[[ Source data open ]]

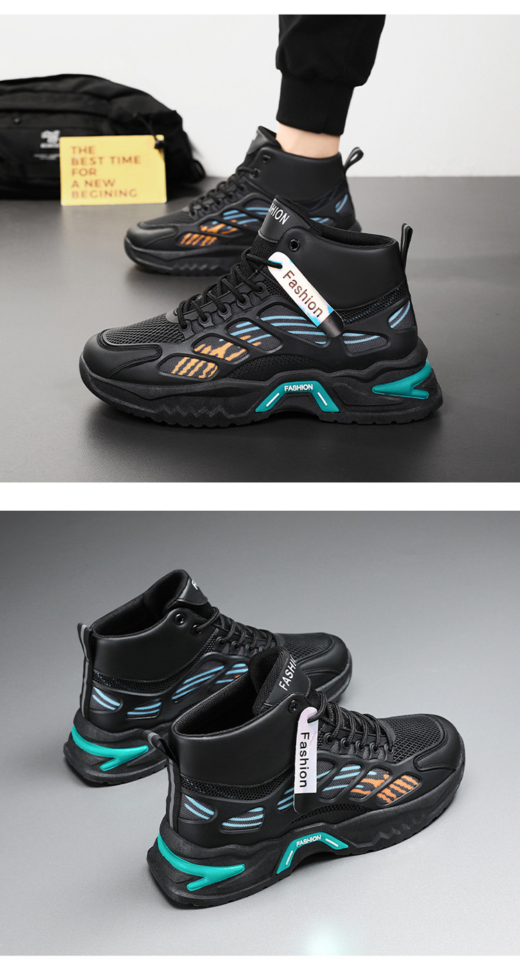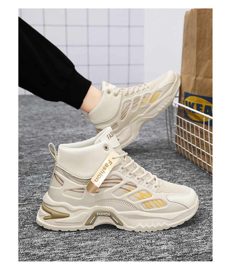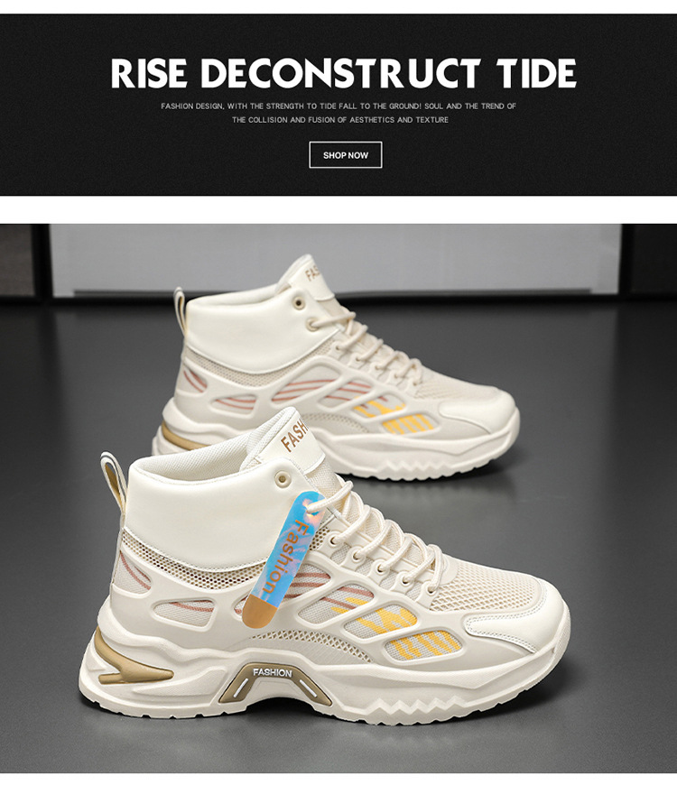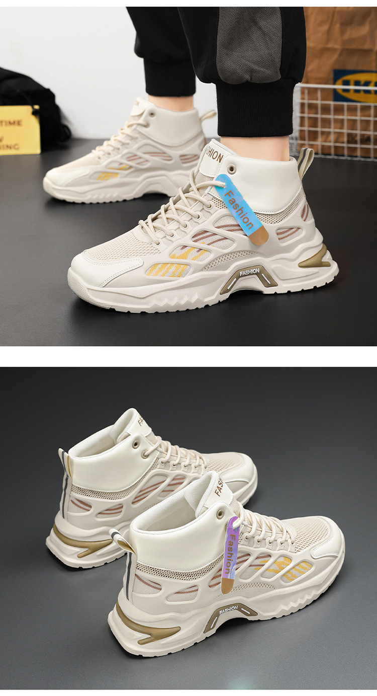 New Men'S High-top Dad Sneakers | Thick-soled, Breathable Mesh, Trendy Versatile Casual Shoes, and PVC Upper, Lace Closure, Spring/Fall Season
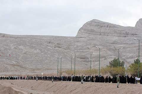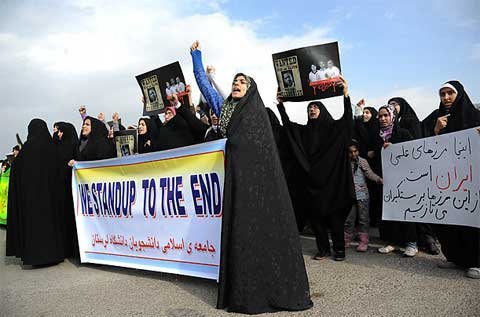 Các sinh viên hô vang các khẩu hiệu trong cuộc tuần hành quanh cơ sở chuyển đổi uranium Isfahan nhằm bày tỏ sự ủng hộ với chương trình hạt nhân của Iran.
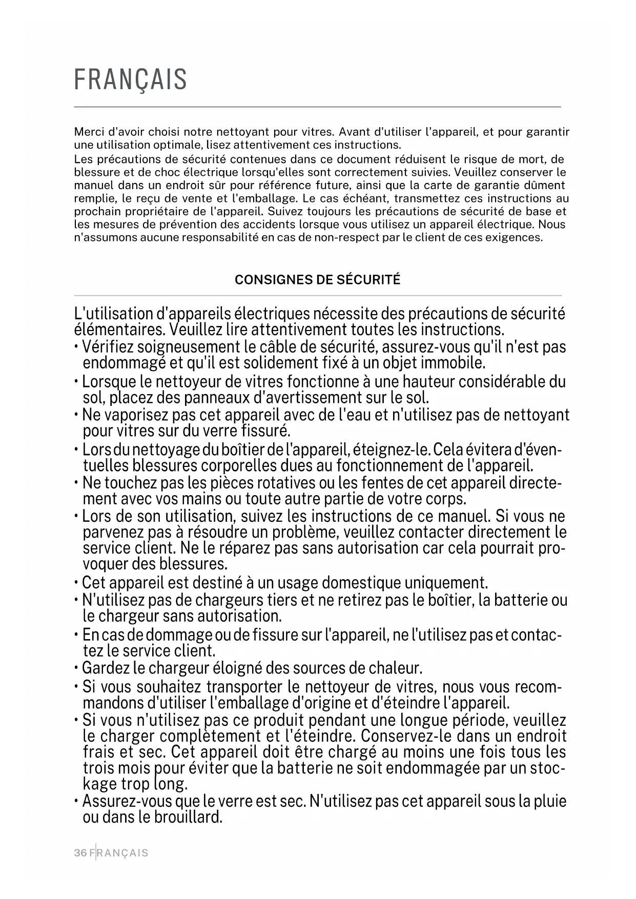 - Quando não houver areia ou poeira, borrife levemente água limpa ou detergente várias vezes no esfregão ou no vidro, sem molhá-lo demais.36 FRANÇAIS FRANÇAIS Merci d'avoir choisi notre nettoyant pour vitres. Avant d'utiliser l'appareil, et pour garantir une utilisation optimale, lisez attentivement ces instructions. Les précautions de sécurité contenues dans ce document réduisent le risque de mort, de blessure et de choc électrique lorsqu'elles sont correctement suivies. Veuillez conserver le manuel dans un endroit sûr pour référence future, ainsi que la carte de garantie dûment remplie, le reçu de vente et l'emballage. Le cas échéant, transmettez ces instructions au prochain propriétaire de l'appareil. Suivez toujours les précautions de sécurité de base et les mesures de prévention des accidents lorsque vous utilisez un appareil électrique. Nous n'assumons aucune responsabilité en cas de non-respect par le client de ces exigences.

[[ Source data closed ]]

§ **Task prompt**
Everything from the opening line of the data through the line with "Các sinh viên" should be repeated exactly; leave the pictures out.

§ **Response to this task**
 New Men'S High-top Dad Sneakers | Thick-soled, Breathable Mesh, Trendy Versatile Casual Shoes, and PVC Upper, Lace Closure, Spring/Fall Season
 Các sinh viên hô vang các khẩu hiệu trong cuộc tuần hành quanh cơ sở chuyển đổi uranium Isfahan nhằm bày tỏ sự ủng hộ với chương trình hạt nhân của Iran.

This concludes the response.